Таким образом, концепция Дж. Фортескью, характеризовавшего в политический режим, существующий в Англии как «regimen politicum et regale», вовсе не предполагала того, что английский король обладал одной властью, которую он делил с парламентом. Представляется, что смысл этой концепции был не совсем верно истолкован: на самом деле автор утверждал, что английский монарх обладал двумя видами власти. Одну из них он делил с парламентом, другая же принадлежала только ему. Король-в-парламенте (rex in parliamento) вводил налоги и принимал законы в рамках ординарной прерогативы, опирающейся на положения общего права; король как суверен (rex solus) использовал экстраординарную королевскую прерогативу.
Вторым после общего права важнейшим основанием королевской прерогативы была вера в то, что Бог сделал короля своим наместником на земле (God's lieutenant upon Earth), и что эта должность является наследственной в правящей династии. Если экстраординарная и ординарная прерогативы определяли конкретные сферы применения королевской власти, то прерогатива по божественному праву выражалась в совокупности различных идеологических концепций, закреплявших высокий общественный статус королевской власти.324 Прерогатива, основанная на божественном праве, также не предоставляла королю возможности действовать произвольно. Напротив, в самой идеологической конструкции этой прерогативы были заложены весьма существенные ограничения, весьма четко осознаваемые английскими монархами.325
Анализ правовых оснований королевской прерогативы со всей очевидностью показывает, что английская монархия оказывалась ограниченной дважды. С одной стороны, она была ограничена традиционными политическими структурами в лице парламента, фактически превратившегося в результате Славной революции 1688 г. в основного проводника ординарной королевской прерогативы. Благодаря особенностям общего права, в системе институтов которого королевское законодательство всегда играло подчиненную роль, сформировалась особая политическая форма «regimen politicum et regale». Особенность ее, однако, заключалась не в том, что английский король был обязан действовать совместно с парламентом, осуществляя принадлежащие ему полномочия в рамках ординарной прерогативы.
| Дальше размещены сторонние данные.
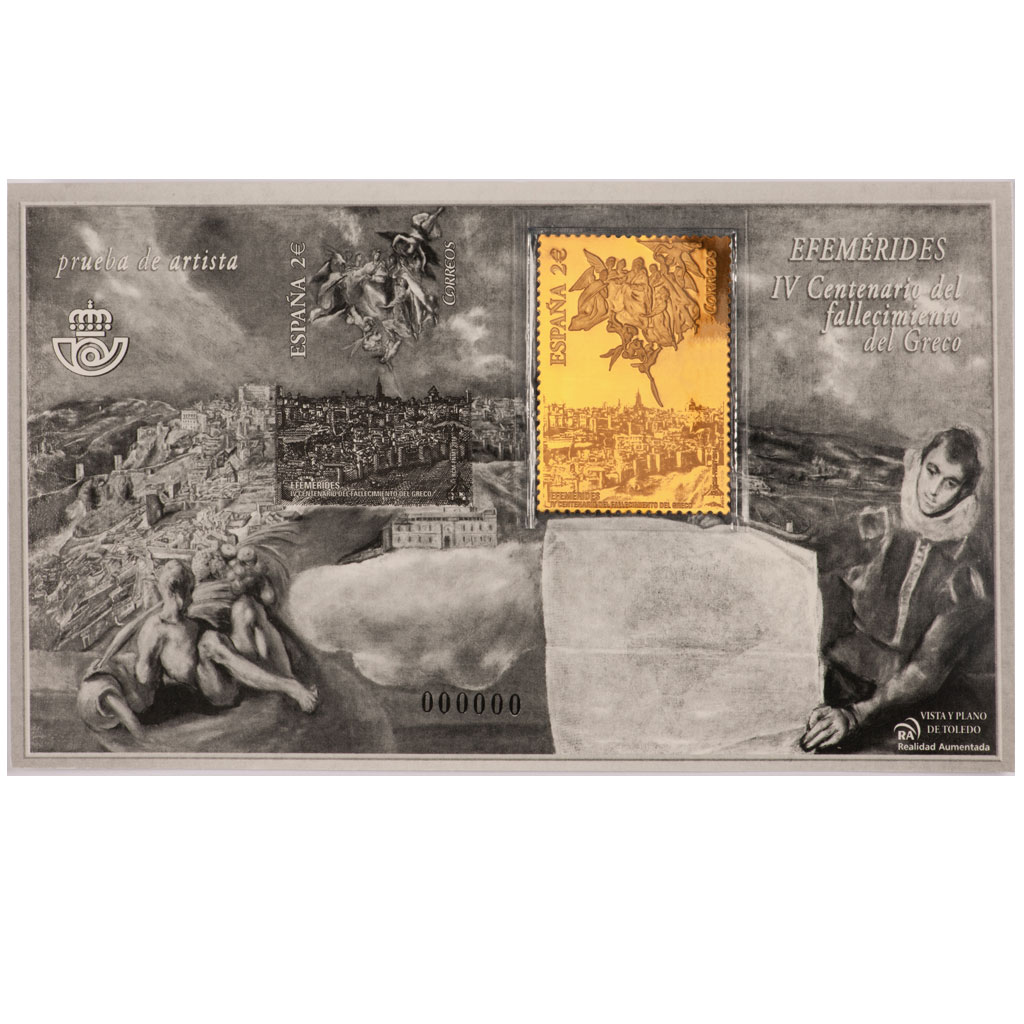 En 2014 se ha emitido la prueba de artista de la hoja bloque dedicada al IV Centenario del fallecimiento de El Greco. El sello enmarca un fragmento del cuadro "Vista y Plano de Toledo".

Более важно другое – сама ординарная прерогатива оказалась ограничена уникальной правовой системой, нормы и институты которой считались к тому времени достоянием всех свободных подданных английской короны. Смысл этого ограничения формален и безличен, поскольку ординарная прерогатива английских монархов осуществлялась по общему праву, которое не может быть изменено волей монарха. Общее право в этом отношении выступало как особый комплекс норм, на который не распространялись прерогативы короны, также обязанной подчиняться им. Кроме того, королевская власть оказалась ограниченной и присутствием морального закона над ней в лице концепции божественного права. Общее право стало уникальной правовой системой, институты которой оказались, благодаря уникальной исторической приспособляемости, наиболее приспособленными к восприятию и практическому воплощению принципа верховенства права.